[Information provided Boundary: Start]

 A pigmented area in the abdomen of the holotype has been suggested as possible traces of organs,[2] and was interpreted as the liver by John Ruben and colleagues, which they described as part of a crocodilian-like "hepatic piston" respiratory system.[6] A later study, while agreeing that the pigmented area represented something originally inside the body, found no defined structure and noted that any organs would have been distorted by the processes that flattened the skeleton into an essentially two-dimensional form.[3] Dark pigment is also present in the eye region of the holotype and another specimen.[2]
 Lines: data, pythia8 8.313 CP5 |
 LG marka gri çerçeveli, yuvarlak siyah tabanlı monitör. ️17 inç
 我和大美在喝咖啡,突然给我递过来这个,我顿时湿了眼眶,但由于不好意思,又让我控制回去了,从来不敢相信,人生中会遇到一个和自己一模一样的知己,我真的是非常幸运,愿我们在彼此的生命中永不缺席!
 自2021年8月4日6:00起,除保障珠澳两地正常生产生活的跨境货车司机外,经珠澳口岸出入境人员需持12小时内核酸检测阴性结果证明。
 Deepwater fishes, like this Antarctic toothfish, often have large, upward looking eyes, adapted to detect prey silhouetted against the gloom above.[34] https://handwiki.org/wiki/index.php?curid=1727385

[Information provided Boundary: End]
[Information provided Boundary: Start]

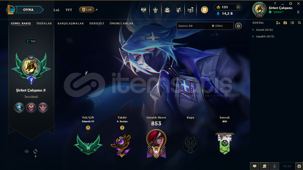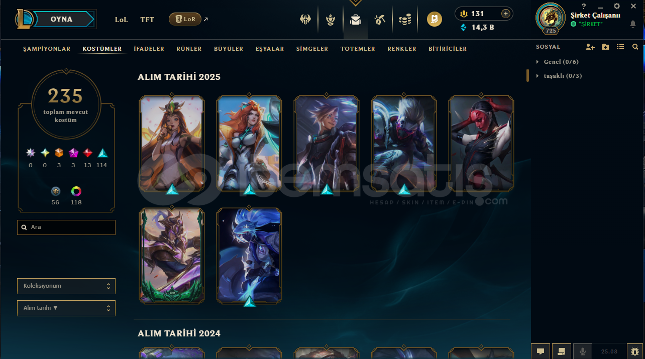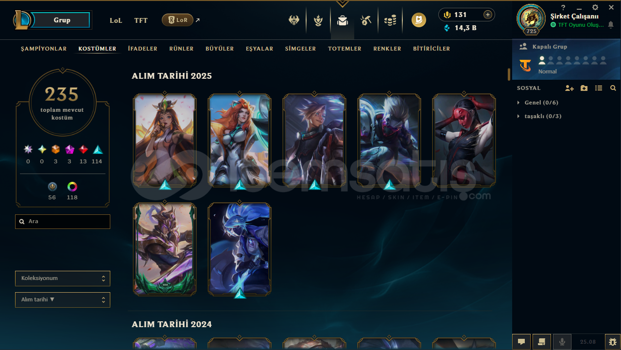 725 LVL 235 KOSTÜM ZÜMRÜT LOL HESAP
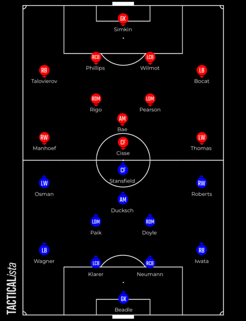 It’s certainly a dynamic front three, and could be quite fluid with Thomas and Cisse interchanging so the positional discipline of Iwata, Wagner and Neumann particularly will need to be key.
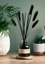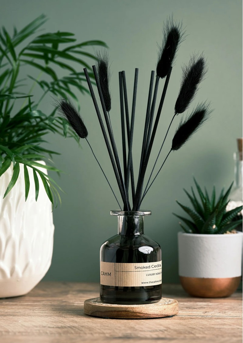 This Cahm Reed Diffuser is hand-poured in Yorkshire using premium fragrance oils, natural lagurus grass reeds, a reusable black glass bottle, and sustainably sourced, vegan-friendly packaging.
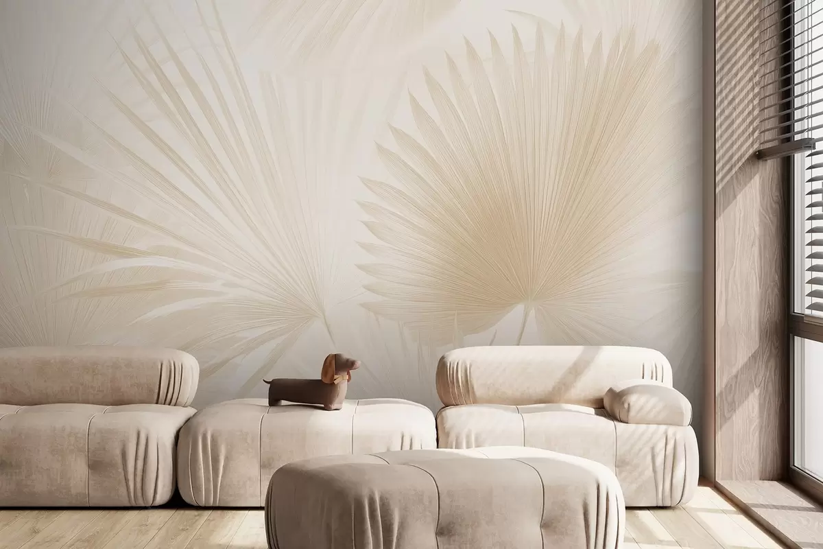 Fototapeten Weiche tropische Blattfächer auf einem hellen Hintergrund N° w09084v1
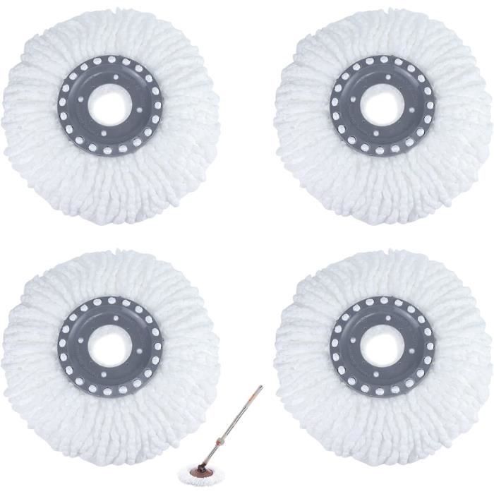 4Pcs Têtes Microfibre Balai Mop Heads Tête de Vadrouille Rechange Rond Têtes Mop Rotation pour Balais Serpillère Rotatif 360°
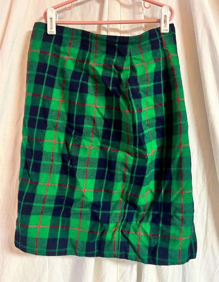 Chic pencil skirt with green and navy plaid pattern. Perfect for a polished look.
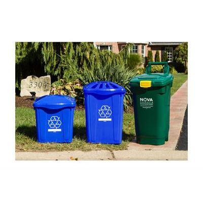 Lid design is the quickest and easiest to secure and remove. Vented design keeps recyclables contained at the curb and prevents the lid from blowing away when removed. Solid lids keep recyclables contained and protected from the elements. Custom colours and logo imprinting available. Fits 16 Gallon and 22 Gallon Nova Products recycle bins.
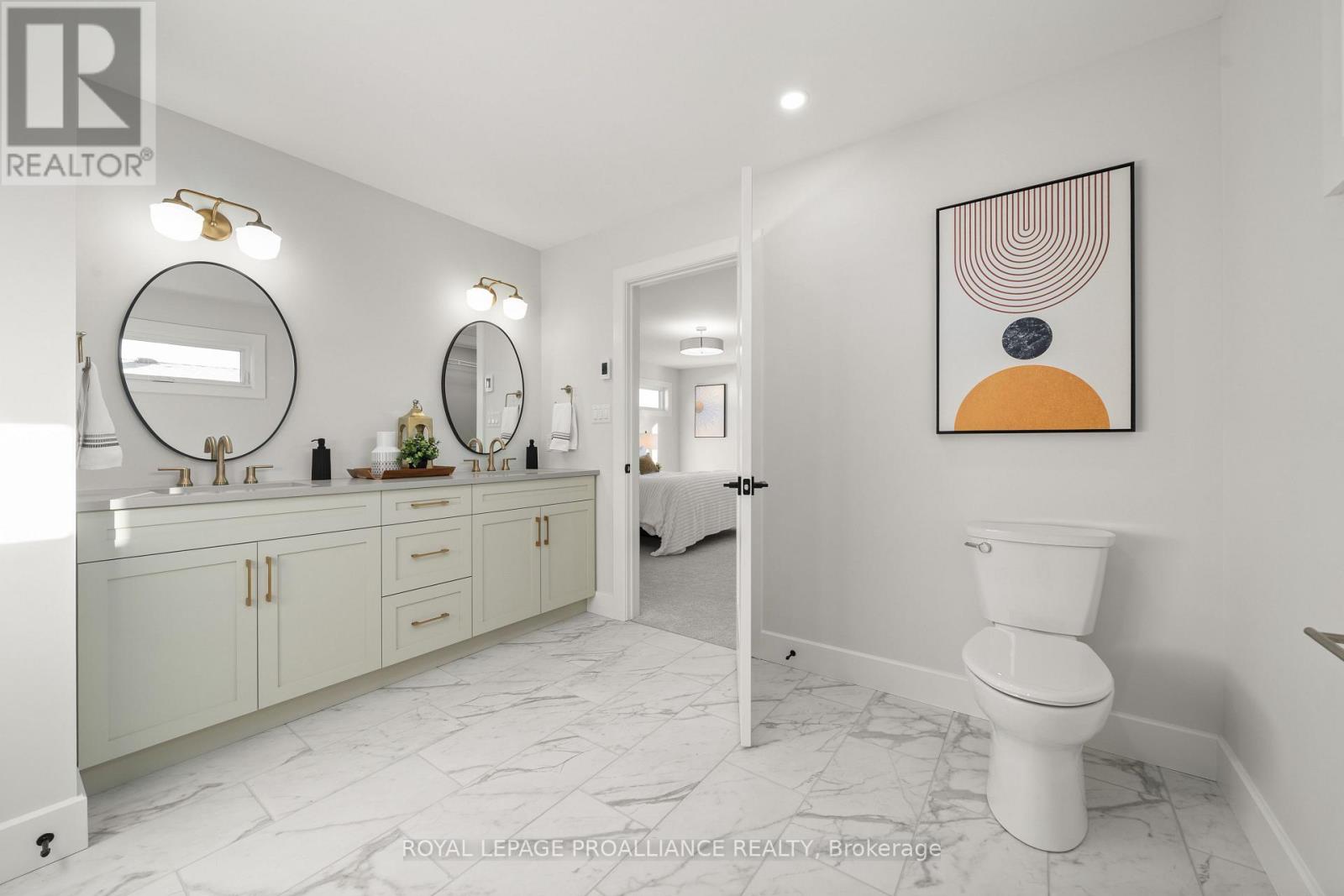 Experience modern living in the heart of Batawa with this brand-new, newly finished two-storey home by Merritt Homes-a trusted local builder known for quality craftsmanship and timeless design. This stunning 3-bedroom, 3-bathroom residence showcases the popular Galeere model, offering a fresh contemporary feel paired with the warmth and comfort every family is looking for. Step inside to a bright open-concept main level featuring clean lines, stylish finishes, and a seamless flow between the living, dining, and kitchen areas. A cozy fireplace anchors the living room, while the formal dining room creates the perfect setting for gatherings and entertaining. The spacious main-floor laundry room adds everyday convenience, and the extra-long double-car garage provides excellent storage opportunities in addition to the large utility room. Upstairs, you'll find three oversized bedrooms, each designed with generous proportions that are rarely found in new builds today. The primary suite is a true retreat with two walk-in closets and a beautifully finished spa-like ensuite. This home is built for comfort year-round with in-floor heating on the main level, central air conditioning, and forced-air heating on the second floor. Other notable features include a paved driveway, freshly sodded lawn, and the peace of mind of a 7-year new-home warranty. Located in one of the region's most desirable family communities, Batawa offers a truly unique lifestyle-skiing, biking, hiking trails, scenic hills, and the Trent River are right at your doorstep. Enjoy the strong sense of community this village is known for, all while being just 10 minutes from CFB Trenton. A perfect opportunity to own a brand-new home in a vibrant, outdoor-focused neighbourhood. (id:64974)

[Information provided Boundary: End]

**Directions:**
Out of the data above, give again only the lines starting at the one holding "我和大美在喝咖啡,突然给我递" and ending at the one holding "Deepwater fishes, like", unchanged.

**Answer space:**
 我和大美在喝咖啡,突然给我递过来这个,我顿时湿了眼眶,但由于不好意思,又让我控制回去了,从来不敢相信,人生中会遇到一个和自己一模一样的知己,我真的是非常幸运,愿我们在彼此的生命中永不缺席!
 自2021年8月4日6:00起,除保障珠澳两地正常生产生活的跨境货车司机外,经珠澳口岸出入境人员需持12小时内核酸检测阴性结果证明。
 Deepwater fishes, like this Antarctic toothfish, often have large, upward looking eyes, adapted to detect prey silhouetted against the gloom above.[34] https://handwiki.org/wiki/index.php?curid=1727385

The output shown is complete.